18 comments · 2 top-level

MaxBarraclough5y ago· 14 in thread

Looks fun, but impractical. Are there real uses for this kind of thing, on modern architectures?

Related question: has anyone tried to create a high-level language for doing this kind of madness?

vardump5y ago

There are practical applications for this.

Perhaps most importantly for regexp compilation, as it is a fairly common use case [1].

Some other examples I can think of: JIT compiling an eval-statement. Constructing a filter for example for a database scan. CPU based pixel shader. Etc.

A lot of code is JIT compiled, but executed only once. So this was a pretty interesting article with practical performance implications in some scenarios.

[1]: See for example https://www.pcre.org/original/doc/html/pcrejit.html

NyanOP5y ago

Thanks for the info. I'm not particularly familiar with common JIT applications, but I suspect that this use-case is actually more niche than may think.
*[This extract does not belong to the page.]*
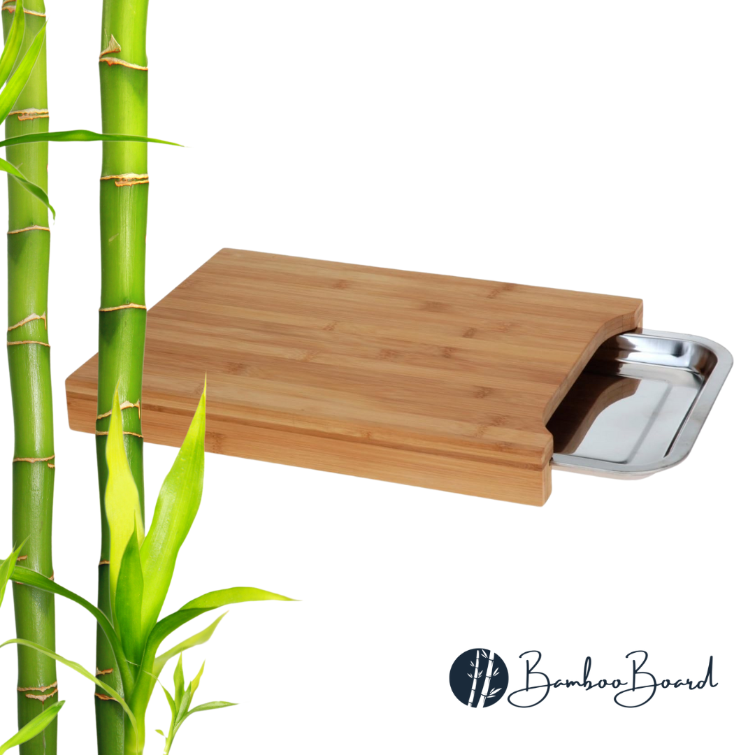 Give your kitchen an upgrade with our smart bamboo cutting board with integrated steel tray!

The problem is that the example presented requires a memory page with write + execute permissions (at the same time). I suspect many JITs don't do this for security reasons (and to deal with OSes which don't allow it), as it may make it easier for an attacker to gain arbitrary code execution. It's likely that many JITs toggle between write and execute permissions, rather than have both enabled at the same time. Whilst this reduces attack surface, changing permissions on allocated memory requires syscalls, which are quite expensive in terms of performance.
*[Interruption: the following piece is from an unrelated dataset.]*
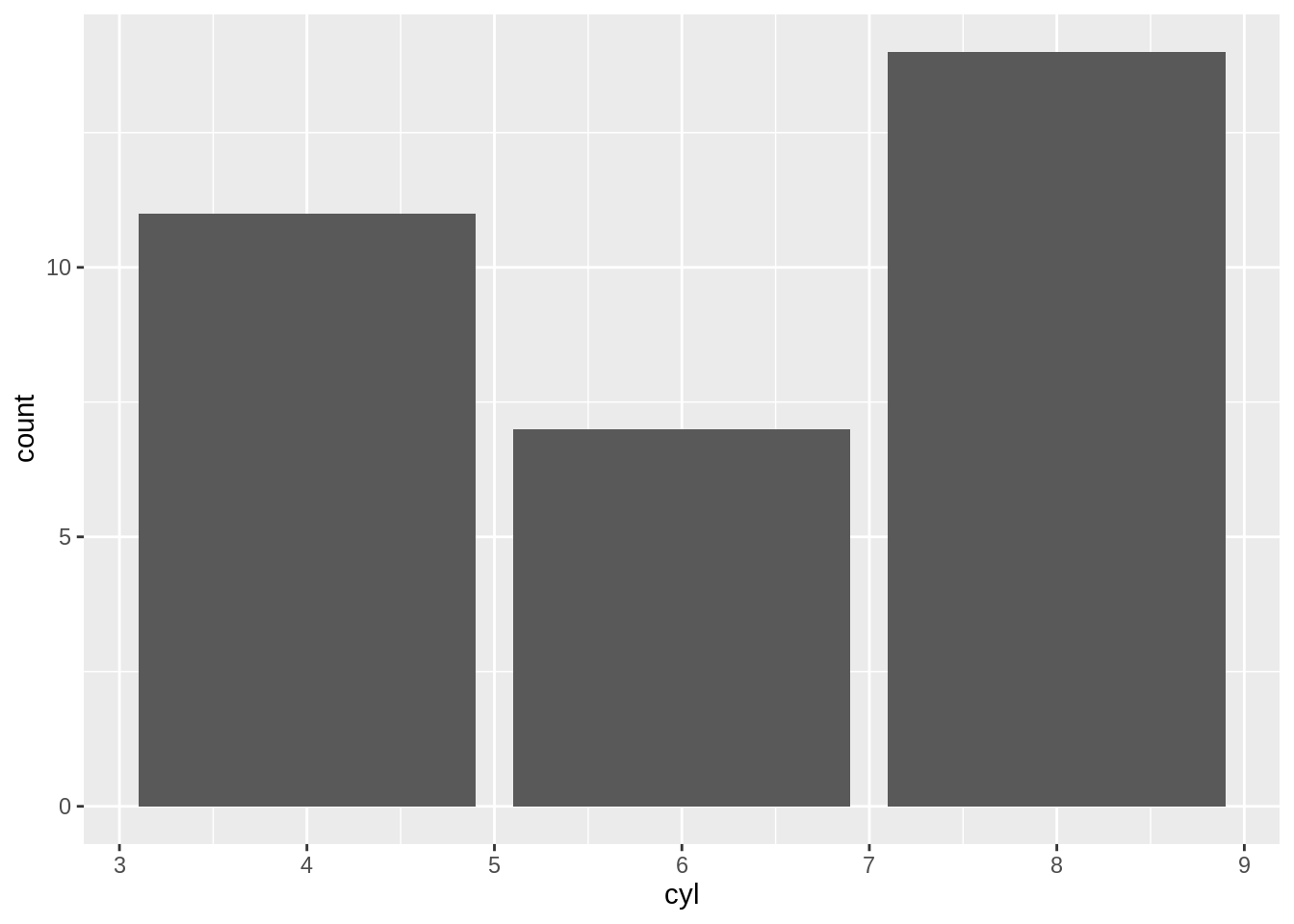 ggplot(mtcars, aes(x = cyl)) +

The scenario presented in the article avoids the impact of syscalls, to maximize performance, leaving only the impact caused by the processor itself. If a JIT isn't overly concerned with this type of security, using write+execute memory could be a way to avoid syscall overhead. On the other hand, if a JIT does toggle permissions, the syscall overhead is likely much more significant than overheads caused by the processor (although the techniques shown might still help depending on how the JIT engine works).

cat1995y ago

> many JITs don't do this for security reasons

would be nice, but historically it's more been:

- all JITs do this

- OpenBSD creates W^X

- open source JITs and other OS's start to incorporate W^X

- things are now either W^X compatible or haven't been ported to a W^X OS yet.

1 more reply

vardump5y ago

Yeah, the security implications are obvious, R+W+X should not be used with untrusted inputs.
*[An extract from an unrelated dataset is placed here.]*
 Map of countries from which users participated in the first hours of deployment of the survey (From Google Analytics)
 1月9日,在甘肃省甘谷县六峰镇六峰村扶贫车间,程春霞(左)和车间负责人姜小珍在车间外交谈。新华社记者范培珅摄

Not that I'd recommend this, but alternatively you could also map exact same memory twice, one with R+X and the other with R+W. The attacker would need to figure out the writable address. Unfortunately there are probably a lot of ways to accidentally leak this information to the attacker...

There are still plenty of use cases where inputs can be trusted.

2 more replies

MaxBarraclough5y ago

Regex is a good example of where JIT can be a good idea for performance, but is it really 'single use'? A compiled regex object would presumably obey the lifetime rules of the host language. It might live as long as the host process, and be reused many times.

I wasn't very clear but I was really thinking of 'self-modifying' code, in contrast to conventional JIT as with regex (once generated, the binary is presumably never modified).

chrisseaton5y ago

Self-modifying code is sometimes used to allow you to update an inline cache for a method dispatch as the program is running. Rather than having to recompile and produce new machine code to update an inline cache.

1 more reply

vardump5y ago

> Regex is a good example of where JIT can be a good idea for performance, but is it really 'single use'?

Ideally not, but take a look at real life code bases... Just like with SQL prepared statements.

This kind of waste happens often due to reduced visibility. Abstraction layers are good at hiding details like construction cost. Repeated construction happens accidentally pretty easily.

pizlonator5y ago

Usually if the code is really single use then the optimal solution is to interpret before JITing.

The more severe case of this in modern JITs is inline cache repatching. That’s super frequent.

Jweb_Guru5y ago

> Usually if the code is really single use then the optimal solution is to interpret before JITing.

This is the conventional wisdom, yes, but recently (for very long-running database queries at least) it seems to be less true.

1 more reply

NyanOP5y ago

> Are there real uses for this kind of thing, on modern architectures?

For me, I came up with an algorithm for doing error correction coding, however, good performance can only be achieved by JIT'ing code. Trying to implement the algorithm without JIT results in many if/switch statements and memory lookups, which makes it much slower. Unfortunately, the JIT'd code can only be used once because a new function needs to be written every time the routine is called, which leads to a scenario like that in the article.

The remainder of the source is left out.